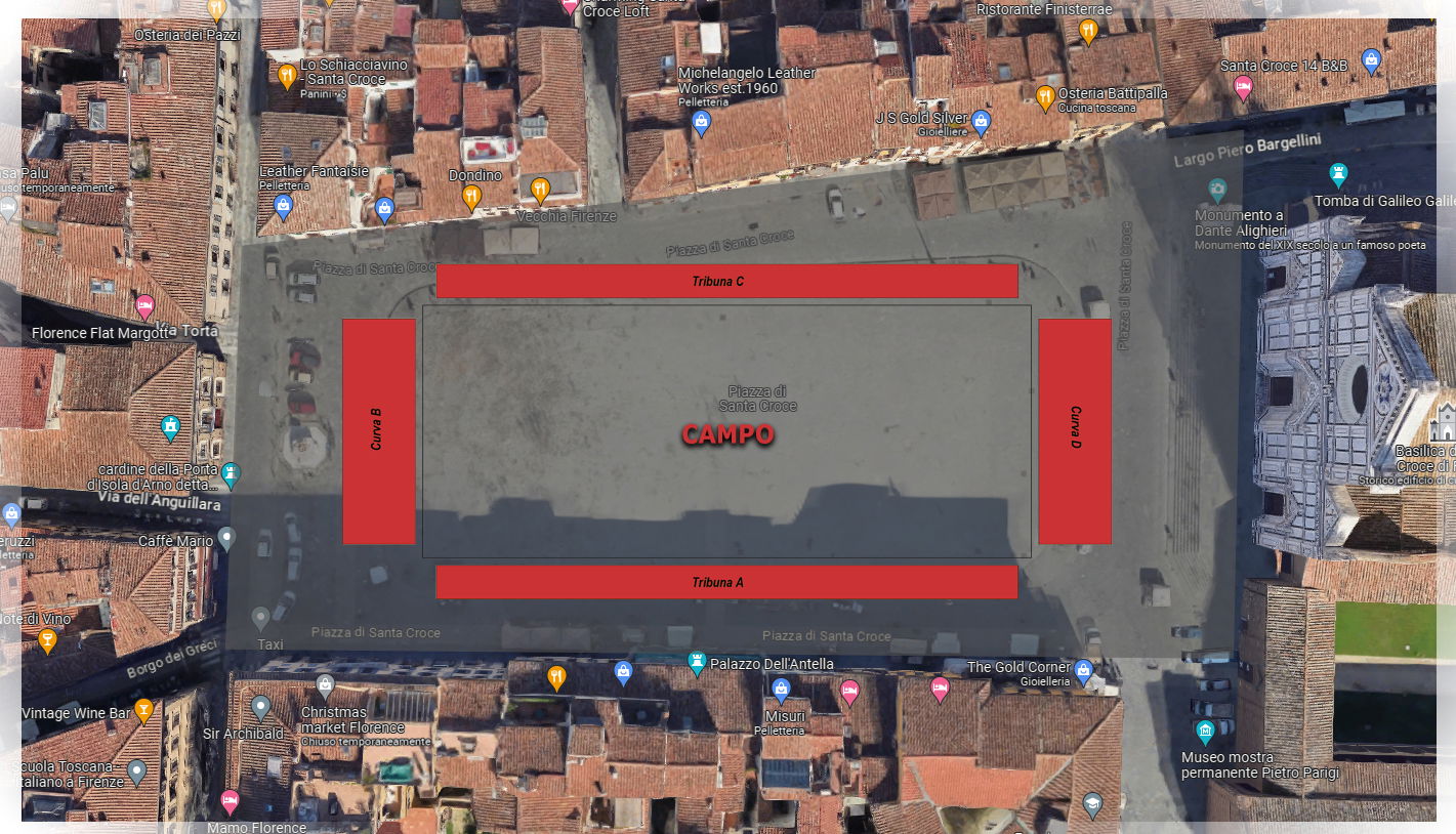 La Tribuna "A" sarà interamente dedicata ad ospitare i personaggi storici del Corteo della Repubblica Fiorentina. Non saranno quindi disponibili biglietti per la vendita al pubblico.
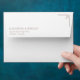 This wedding envelope features a minimalist design with a clean, elegant layout. The colour palette includes muted browns and light greys, creating a sophisticated and understated look. A stylised geometric symbol in the top right corner adds a touch of traditional East Asian flair, while classic serif fonts provide a formal yet modern feel. Perfect for couples seeking simplicity and refinement, this envelope is ideal for weddings that celebrate timeless elegance.
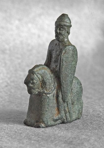 A very rare and beautiful 12th-century bronze figurine of a knight equipped for battle. The knight holds a kite-shaped shield in his right hand and the horse's reins in his left. He wears a conical helmet and surcoat, and the horse has a bridle, saddle cloth and caparison. Although images of the knight proliferate in this period, representations of equestrian knights in the round are rare and this piece provides an evocative insight into Medieval culture. Its exact function is unknown although it may have been made as decoration for a larger object.
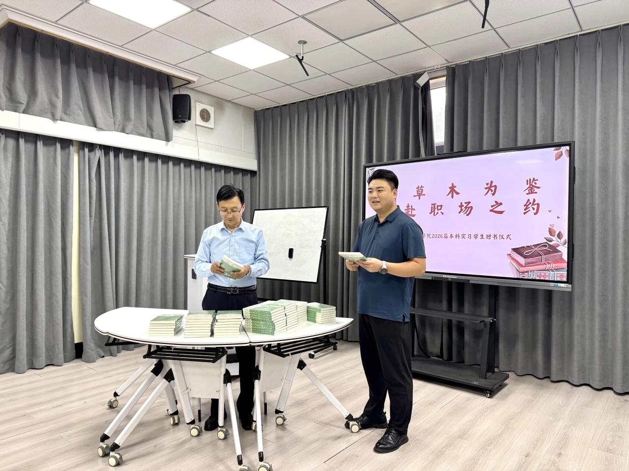 仪式现场,张永明院长亲手将一本本饱含期许的《草木为师》递到学生手中,封面的绿意与学子们眼中的憧憬相映成趣。在随后的讲话中,张院长以“草木”为喻,深情寄语在场学子:“思源校园的一草一木,都是大家四年青春的见证者——春芽破土的坚韧,夏木成荫的担当,秋叶沉淀的智慧,冬枝蓄力的沉稳,恰如人生不同阶段的修行。”他勉励同学们,实习是从校园到社会的“过渡站”,也是将知识转化为实践的“练兵场”,希望大家以《草木为师》为指引,在书中感悟自然蕴含的生存哲学与成长智慧,面对职场挑战时能如草木般扎根向下、向阳生长。
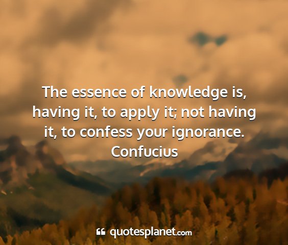 The essence of knowledge is, having it, to apply it; not having it, to confess your ignorance.Confucius
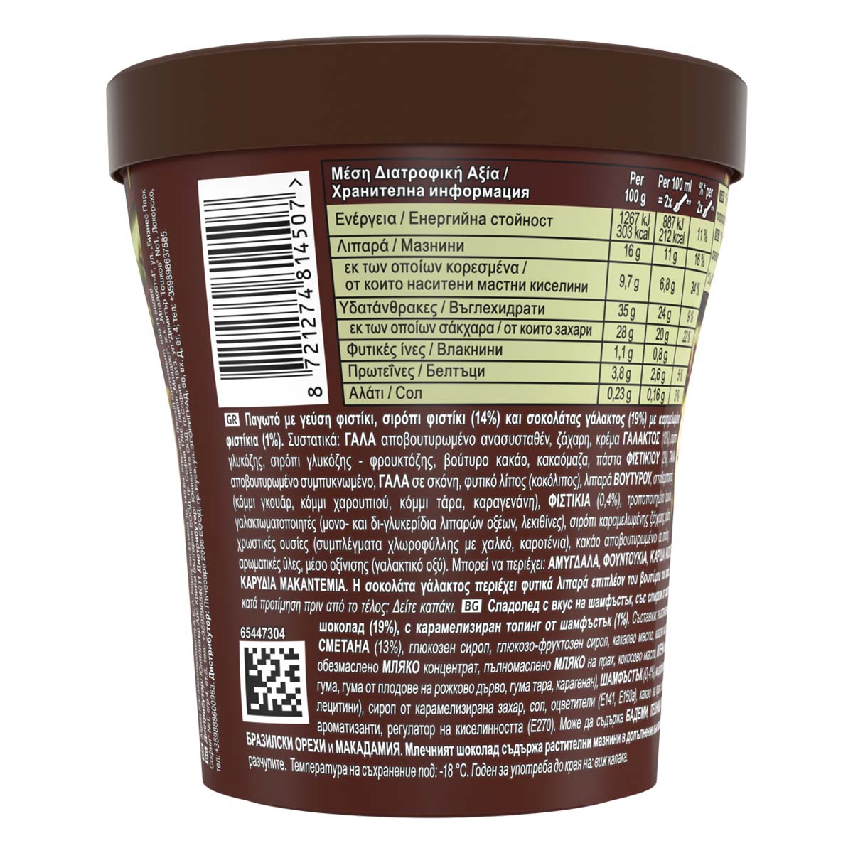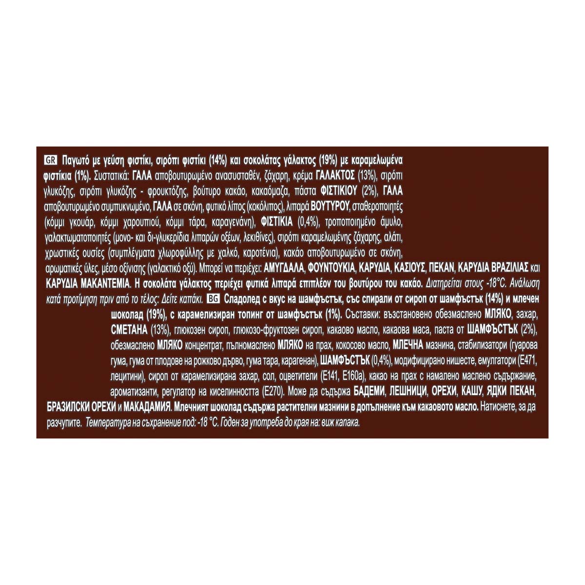 Παγωτό με γεύση φιστίκι, σιρόπι φιστίκι (14%) και σοκολάτας γάλακτος (19%) με καραμελωμένα φιστίκια (1%).

************

[The problem]:
Every line between the one containing "This wedding envelope" and the last line of the data above, both included, should be copied exactly, but not the pictures.

[Answer section]:
 This wedding envelope features a minimalist design with a clean, elegant layout. The colour palette includes muted browns and light greys, creating a sophisticated and understated look. A stylised geometric symbol in the top right corner adds a touch of traditional East Asian flair, while classic serif fonts provide a formal yet modern feel. Perfect for couples seeking simplicity and refinement, this envelope is ideal for weddings that celebrate timeless elegance.
 A very rare and beautiful 12th-century bronze figurine of a knight equipped for battle. The knight holds a kite-shaped shield in his right hand and the horse's reins in his left. He wears a conical helmet and surcoat, and the horse has a bridle, saddle cloth and caparison. Although images of the knight proliferate in this period, representations of equestrian knights in the round are rare and this piece provides an evocative insight into Medieval culture. Its exact function is unknown although it may have been made as decoration for a larger object.
 仪式现场,张永明院长亲手将一本本饱含期许的《草木为师》递到学生手中,封面的绿意与学子们眼中的憧憬相映成趣。在随后的讲话中,张院长以“草木”为喻,深情寄语在场学子:“思源校园的一草一木,都是大家四年青春的见证者——春芽破土的坚韧,夏木成荫的担当,秋叶沉淀的智慧,冬枝蓄力的沉稳,恰如人生不同阶段的修行。”他勉励同学们,实习是从校园到社会的“过渡站”,也是将知识转化为实践的“练兵场”,希望大家以《草木为师》为指引,在书中感悟自然蕴含的生存哲学与成长智慧,面对职场挑战时能如草木般扎根向下、向阳生长。
 The essence of knowledge is, having it, to apply it; not having it, to confess your ignorance.Confucius
 Παγωτό με γεύση φιστίκι, σιρόπι φιστίκι (14%) και σοκολάτας γάλακτος (19%) με καραμελωμένα φιστίκια (1%).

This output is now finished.